‘Something for Everyone': Mayor Announces New Phase of All Inclusive Boston Campaign

The initiative is aimed at promoting small businesses and encouraging more tourists to visit the city

NBCUniversal Media, LLC

Mayor Michelle Wu announced the next phase in the All Inclusive Boston campaign promoting small businesses and encouraging tourists to visit the city on Monday morning.

"This campaign is an invitation to explore everything our city has to offer," she said, including its restaurants, parks, different flavors and diverse communities. "We are so excited to be welcoming people from every corner of our state and across the country and the world."

"We are trying to do everything possible to get folks back into our city," Wu added.

She was joined for the announcement by Segun Idowu, chief of economic opportunity and inclusion; Colette Phillips, CEO of Colette Phillips Communications Inc.; Daren Bascome, CEO of Proverb Agency; Martha Sheridan, CEO of the Greater Boston Convention and Visitors Bureau; and Maggie Baxter, vice president of programming at NBC10 Boston, NECN, Telemundo Boston and NBC Sports Boston.
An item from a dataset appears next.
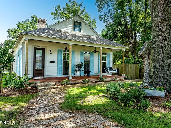 Dreaming of the Beach! Beautiful coastal cottage framed by 2 large Majestic Old Oak trees. The 8' windows open to the front porch, where you can enjoy the southern breezes or head outdoors and relax in your porch swing, where you can swing your cares away. The shaded front yard is perfect for outdoor dining, entertaining, and family fun. The Great room has 10' ceilings, 8' doors, and a double-sided fireplace that subtly divides your Living and Dining areas. This home has beautiful and thoughtfully curated treasures that add an extra touch of elegance. Two stained glass windows, one in the transom from the early 1900s and one in the Gable end from the late 1800s, out of an old church. The tin ceiling in the Great Room is from India and emphasizes the 10' ceilings. Amenities include stainless appliances, built-in cabinets in a spacious laundry room, and a Rinnai tankless hot water heater, to name a few. This location is perfect for a Bike ride to the Boardwalk and downtown Gulfport to experience coastal cuisine at a local restaurant, the new Aquarium & Jones Park, a farmer's market every Wednesday, a walking track, and a splash pad. The Boardwalk runs along the Beach past quaint towns, with many fun stops along the way, such as Casinos, Restaurants, Museums, and many other entertainment choices. Everything you need to make your dream of coastal living come true, from sunrise to beautiful sunsets. Video tour: https://g-hub-real-estate-photography.aryeo.com/videos/a6049c1f-9b12-43d0-b4d4-059239f090f7

The $2.5 million tourism campaign launched last summer to help drive traffic to local businesses and revive the pandemic-plagued economy.

"On the national stage, people are now talking about Boston," Sheridan said. "It has made a true difference."

Phase two of the campaign involves the investment of an additional $1.5 million to help get the message out about Boston around the country and across the globe.

The second phase of the campaign, called Boston Accents, attempts to put a fresh spin on Boston's often poorly imitated accent, looking to turn it into an asset by leveraging the city's history as the birthplace of America mixed with its culturally and linguistically diverse population.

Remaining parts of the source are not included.